To pull off this scheme Elizabeth Warren et al ensured it was structured to allow no congressional oversight; however, it was also structured to have no executive branch oversight – and the funding mechanism for the CFPB budget was directly through the federal reserve.  The lack of any legislative or executive branch oversight made the entire scheme unconstitutional according to an earlier court decision.

The CFPB defenders then appealed the decision to a select appellate court in Washington DC to continue the construct.  The Warren crew won the appeal; but today, in an unrelated jurisdictional ruling a New York judge affirmed the minority opinion setting up a possible supreme court pathway to get a final decision.

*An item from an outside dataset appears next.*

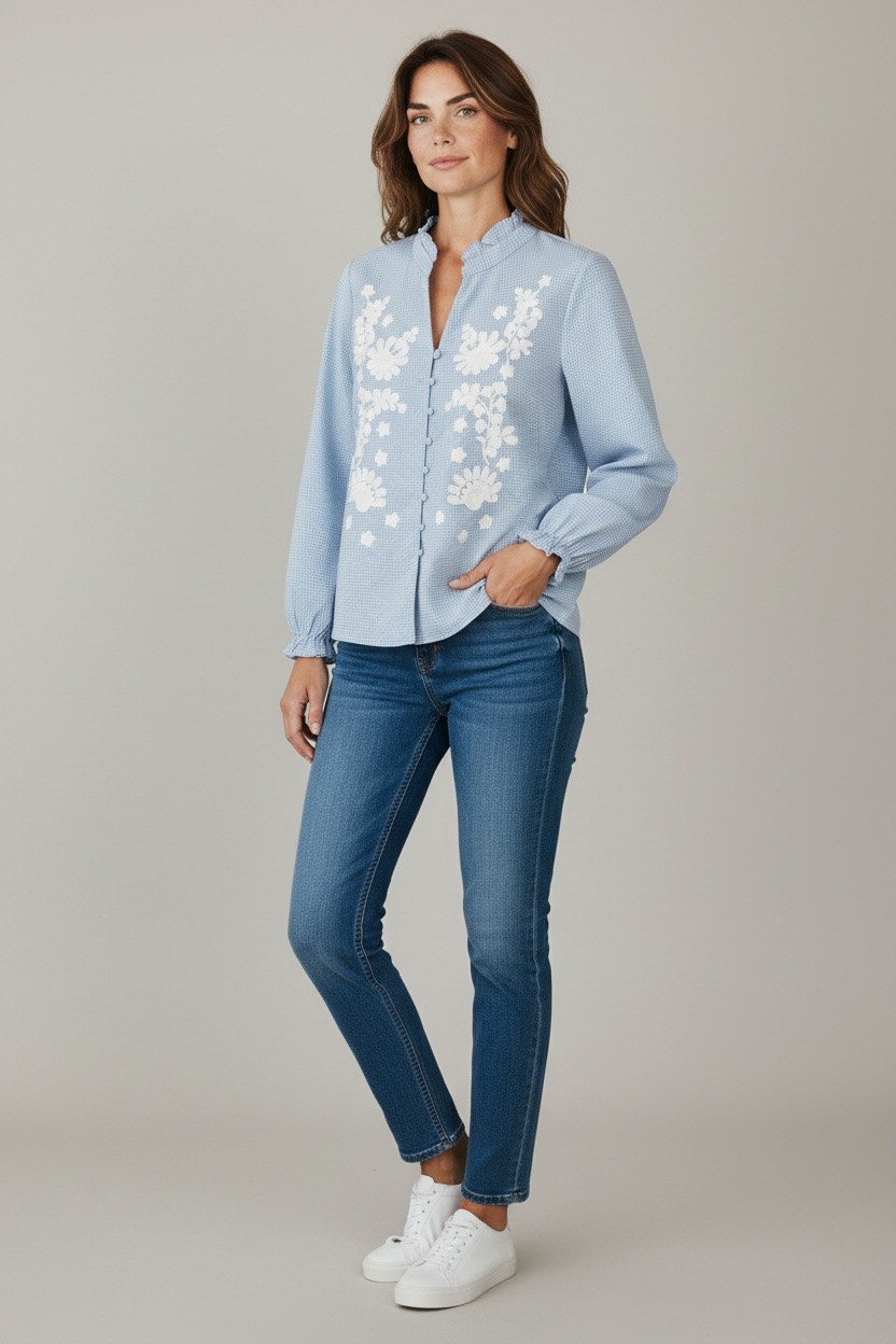 Cette chemise vichy brodée incarne parfaitement l’équilibre entre charme romantique et allure casual chic. Confectionnée en 100 % coton, elle offre une matière légère, respirante et agréable à porter au quotidien. Son motif vichy délicat apporte une touche intemporelle, tandis que les broderies florales blanches en relief subliment la pièce avec élégance et féminité.

NEW YORK (AP) – The U.S. government’s beleaguered consumer finance watchdog agency is unconstitutionally structured, a judge said Thursday as she disqualified the agency from serving as a plaintiff in a lawsuit.

U.S. District Judge Loretta A. Preska in Manhattan reached the conclusion about the Consumer Financial Protection Bureau in a written decision.

Her ruling related to a lawsuit brought against companies loaning money to former National Football League players awaiting payouts from the settlement of a concussion-related lawsuit and to individuals slated to receive money for injuries sustained when they helped in the World Trade Center site cleanup after the Sept. 11, 2001, terrorist attacks.

She let claims brought by the New York State attorney general proceed, but dismissed those that were brought by the CPFB, saying it “lacks authority to bring this enforcement action because its composition violates the Constitution’s separation of powers.”

In ruling, Preska sided with three judges who dissented from the six-judge majority in a January ruling by the U.S. Court of Appeals in Washington. The majority found that the agency director’s power is not excessive and that the president should not have freer rein to fire that person.  (read more)

CFPB Interim Director Mick Mulvaney has already said the CFPB needs to be disassembled.

Taking the agency down is perfectly ok with the Trump administration.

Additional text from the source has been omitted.